Chantal Jouanno, le 27 septembre 2011 à Paris. — REVELLI-BEAUMONT/SIPA

La sénatrice UMP de Paris Chantal Jouanno a pris la tête mardi en début de soirée d’une mission d’information parlementaire portant sur «les dispositifs médicaux implantables et les interventions à visée esthétique» –en clair, sur les suites à donner au scandale des prothèses PIP.

La création de cette mission a lieu trois mois jour pour jour après le premier signalement, à Marseille, du décès d’une femme des suites d’un cancer provoqué par la rupture d’une prothèse mammaire de la marque PIP (Poly Implants Prothèses). Un mois et demi après, l’ancien patron de cette société installée dans le Var et fermée en 2010, Jean-Claude Mas, reconnaissait avoir produit et utilisé un gel non homologué pour la fabrication de ses prothèses et avoir dissimulé ses pratiques à l’organisme allemand, TÜV, chargé de contrôler la qualité des prothèses.
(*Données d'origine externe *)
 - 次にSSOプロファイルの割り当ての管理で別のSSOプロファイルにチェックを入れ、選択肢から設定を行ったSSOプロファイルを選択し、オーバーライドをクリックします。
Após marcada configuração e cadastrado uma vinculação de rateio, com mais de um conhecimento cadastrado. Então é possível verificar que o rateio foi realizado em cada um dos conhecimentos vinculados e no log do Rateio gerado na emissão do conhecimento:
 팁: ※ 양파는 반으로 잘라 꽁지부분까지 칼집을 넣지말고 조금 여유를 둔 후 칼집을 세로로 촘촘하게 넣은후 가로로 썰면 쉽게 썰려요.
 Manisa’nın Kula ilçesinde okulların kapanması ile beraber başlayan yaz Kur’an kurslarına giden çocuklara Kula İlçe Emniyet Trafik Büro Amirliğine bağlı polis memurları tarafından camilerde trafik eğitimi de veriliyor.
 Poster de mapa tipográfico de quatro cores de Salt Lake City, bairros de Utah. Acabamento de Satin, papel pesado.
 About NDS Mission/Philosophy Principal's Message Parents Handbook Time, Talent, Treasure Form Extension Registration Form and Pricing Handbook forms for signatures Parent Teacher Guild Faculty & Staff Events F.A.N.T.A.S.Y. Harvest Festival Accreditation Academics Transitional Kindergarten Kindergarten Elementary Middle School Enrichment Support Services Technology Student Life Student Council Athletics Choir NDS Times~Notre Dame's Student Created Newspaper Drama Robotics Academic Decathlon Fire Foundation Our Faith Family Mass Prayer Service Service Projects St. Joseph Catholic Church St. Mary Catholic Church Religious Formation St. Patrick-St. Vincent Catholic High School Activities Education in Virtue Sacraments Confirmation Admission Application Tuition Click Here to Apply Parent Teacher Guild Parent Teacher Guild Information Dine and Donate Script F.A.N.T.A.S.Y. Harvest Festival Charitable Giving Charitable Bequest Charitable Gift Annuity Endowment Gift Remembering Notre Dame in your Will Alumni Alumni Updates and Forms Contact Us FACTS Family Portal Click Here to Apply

Identifier les «points creux» de la réglementation

La mission, qui devrait se composer de 27 sénateurs, «a pour priorité absolue la prévention d’un nouveau scandale de santé publique», a affirmé Chantal Jouanno à 20 Minutes, faisant référence aux affaires du Médiator et des prothèses PIP. Et pour ce faire, les sénateurs tenteront d’identifier les «points creux» de la réglementation.
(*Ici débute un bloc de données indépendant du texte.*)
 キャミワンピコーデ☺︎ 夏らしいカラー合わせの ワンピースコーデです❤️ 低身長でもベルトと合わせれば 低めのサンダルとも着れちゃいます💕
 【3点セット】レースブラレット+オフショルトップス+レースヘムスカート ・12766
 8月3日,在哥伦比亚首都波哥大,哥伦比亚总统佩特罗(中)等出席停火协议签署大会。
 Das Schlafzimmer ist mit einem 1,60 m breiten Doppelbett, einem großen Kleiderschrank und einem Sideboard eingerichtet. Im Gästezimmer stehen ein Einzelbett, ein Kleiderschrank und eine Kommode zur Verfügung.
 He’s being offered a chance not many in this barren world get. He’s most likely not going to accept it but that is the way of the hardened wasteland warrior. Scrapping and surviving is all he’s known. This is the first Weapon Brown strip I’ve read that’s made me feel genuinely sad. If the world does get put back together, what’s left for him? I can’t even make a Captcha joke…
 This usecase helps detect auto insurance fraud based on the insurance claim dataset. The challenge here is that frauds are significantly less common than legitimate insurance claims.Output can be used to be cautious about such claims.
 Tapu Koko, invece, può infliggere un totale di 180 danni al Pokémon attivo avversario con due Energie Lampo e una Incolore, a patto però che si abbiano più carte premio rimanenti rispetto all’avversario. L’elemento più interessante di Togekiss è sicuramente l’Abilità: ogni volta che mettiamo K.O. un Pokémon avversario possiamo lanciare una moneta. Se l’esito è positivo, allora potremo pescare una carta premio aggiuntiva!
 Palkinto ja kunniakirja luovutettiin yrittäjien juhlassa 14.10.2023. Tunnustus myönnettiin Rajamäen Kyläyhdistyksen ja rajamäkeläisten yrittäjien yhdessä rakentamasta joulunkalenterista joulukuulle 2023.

A la clé: des recommandations au niveau européen mais aussi, sur le plan national, une intention de légiférer car, comme le souligne la présidente de la mission: «Il faut prendre conscience que l’on est vraiment face à un problème de santé publique.»

Jusqu’à cet été et la conclusion de la mission, ses membres comptent auditionner largement, des professionnels de la santé aux associations de patients en passant par les organismes de sécurité sanitaire (Afssaps, Haute autorité de santé, etc.). Et même des psychologues et des anthropologues, selon Chantal Jouanno. Car au-delà de la dimension de prévention d’un prochain scandale sanitaire, c’est à la dimension sociétale que compte s’intéresser la mission. En faisant en sorte, par exemple, que les personnes sujettes aux interventions médicales à visée esthétique soient considérées non plus comme des clients, mais comme des patients.